Она встала и медленно прошла к секретеру. Обмакнув перо в чернильницу, стала писать Тео. Затем отправила Марджери на почту с приказом найти мальчика, который срочно доставит письмо лично Тео. После этого Лотта написала другое письмо — Эвану. Предупредить его, дать возможность бежать — эта мысль отчаянно билась в ее мозгу. Да, она не может оставить втайне его замыслы, но ее сердце не допускало, чтобы он пострадал, попал в руки тюремщиков, понес жестокое наказание.

Ну что об этом говорить, если сердце уже разбито?


«Это будет самый последний раз, когда я предаю тебя. Я так люблю тебя, но даже этой любви недостаточно. Я обязана отдать долг своей стране…»


Звучит так возвышенно, совсем не похоже на нее.


«Вот я и определилась со своими принципами, которых явно недоставало. Но почему же все это произошло в такой неподходящий момент…»


Что можно на это сказать? Лотта набросала несколько скупых слов предупреждения и закончила письмо. Меньше всего ему теперь нужны слова ее раскаяния, а тем более, боже упаси, воспоминания о любви!

Прошло уже два часа. Лотта сидела на прежнем месте, зябко кутаясь, онемев от напряжения. Стало смеркаться. Тео уже должен получить ее письмо. И Эван тоже. Она страстно молилась, чтобы ему и Арланду хватило времени для бегства.

Письмо заговорщиков соскользнуло со стола от легкого сквозняка, донесшегося от двери. Лотта замедленно, как это делают очень старые люди, склонилась, чтобы подобрать бумагу. Сквозняк снова сдул ее, не давая дотянуться. Наконец, Лотта схватила письмо и выпрямилась. В этот момент кто-то вошел в комнату.

Лотта ожидала увидеть Тео, но на пороге ее комнаты стоял Жак Ле Прево. Она вздохнула с чувством огромного удивления и облегчения.

— О, как же вы напугали меня, месье.

Впервые Ле Прево не отвесил ей свой картинный поклон и не сделал своих экстравагантных комплиментов.

Его колючий взгляд впился в ее лицо, заставив поежиться. Пока она краснела и пятилась, он смотрел на письмо, зажатое в ее руке, и, наконец, протянул свою, явно собираясь отобрать бумагу.

— Что вы там прячете, мадам? — спросил он спокойно и бесстрастно.

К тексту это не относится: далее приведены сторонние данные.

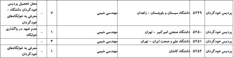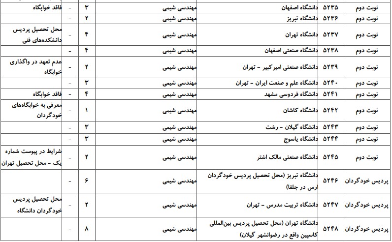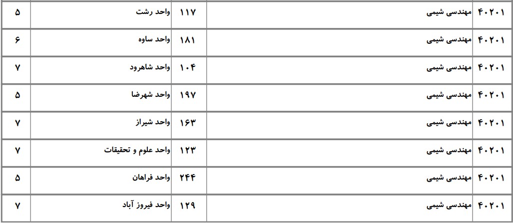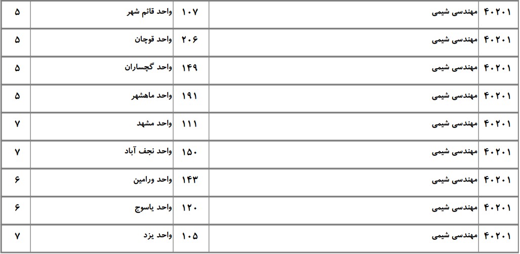 با توجه به این که تغییرات دانشگاههای پذیرنده یک رشته در مقطع دکتری در سالهای مختلف تغییرات زیادی ندارد، دانشگاههای جداول زیر که مربوط به آزمون دکتری سال گذشته است، میتواند به داوطلبان عزیز جهت اطلاع از گرایشهای دکتری مهندسی شیمی و نیز دانشگاههایی که در دورههای مختلف روزانه، شبانه، پردیس، غیرانتفاعی، پیام نور و دانشگاه آزاد اﺳﻼمی در رشته مهندسی شیمی پذیرش دارند، کمک کند.

— Я… О… — Жар прошел по ее телу. Поскольку Ле Прево был французом, Лотте вовсе не хотелось, чтобы он узнал, что в этом письме. Лотта почувствовала себя загнанной, пойманной. Она судорожно комкала бумагу в руках, не зная, на что решиться.

— Ничего. Это письмо к подруге.

— Вы не умеете лгать, мадам, — улыбаясь, заметил Ле Прево. Но эта улыбка не тронула его холодных глаз.

— Что вы имеете в виду?

Ле Прево не отводил настороженного взгляда от ее лица.

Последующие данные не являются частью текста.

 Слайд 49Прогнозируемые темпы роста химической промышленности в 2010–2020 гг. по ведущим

— Я должен был понять, что Сен-Северин способен это спрятать здесь. Размышляя, я склонялся к тому, что он не станет подвергать вас такому риску, — заметил он, холодно блеснув глазами. — Оказывается, я ошибался. Он и не думал о вашей безопасности, мадам. Где вы нашли это? — поинтересовался он, грозно сдвигая брови.

Мысли Лотты понеслись с отчаянной скоростью, сравнивая и взвешивая внезапные подозрения. Ле Прево, фатоватый полковник, дамский угодник, раздающий комплименты налево и направо, который никогда не придавал значения ничему, кроме покроя своего камзола… Неужели это тот самый информатор, который работал на британцев? Так, значит, он искал бумаги Эвана? Как и Тео? И тут она вспомнила ночь, когда последовала за Эваном и стала свидетелем его встречи со связным, которого потом нашли убитым. Лотта лучше других знала, что не Эван его убил. Но в ту самую ночь за стенами города она видела еще одного человека и узнала Ле Прево, но решила, что он возвращается со свидания…

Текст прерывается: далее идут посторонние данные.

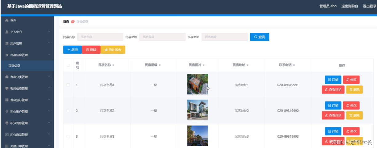 民宿信息管理,在民宿信息管理页面中可以查看索引、民宿名称、民宿星级、民宿图片、民宿地址、联系电话等信息,并可根据需要进行详情、修改、查看评论或删除等操作,如图5-10所示。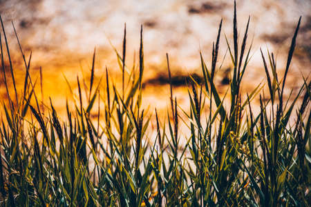 grass on the swampy shore of the lake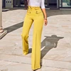 2021NEW 2021 Autumn Casual Women Trousers Fashion Leggins Houndstooth Print Buttoned High Waist Wide Leg Tailored Pants

Вероятно, смерть для него привлекательнее любви.

— Я вас не понимаю, — с дрожью произнесла Лотта. Лощеная бумага захрустела в судорожно сжавшихся пальцах. — Значит, это вы ищете бумаги? А мне казалось, что если вы француз… — Она остановилась, поняв, до чего все это глупо. — Конечно, вы должны были бы поддерживать планы Эвана…

Лотта снова не закончила свою мысль, прочтя по лицу Ле Прево, что он не ожидал найти в ней столь прекраснодушную наивность. Еще она увидела в его руке пистолет и шпагу у бедра. Вот когда Лотта наконец поняла, что оправдались ее худшие опасения.

— Вы — предатель! — потрясенно прошептала она. — Вы не служите никому, кроме собственной наживы.

— Я всегда на стороне того, кто больше предложит, — пожав плечами, согласился он.

— Поскольку он лишен понятия о чести, готов продавать и друзей, и врагов с полным равнодушием, лишь бы платили хорошо, — произнес тихий, глуховатый голос у них за спиной.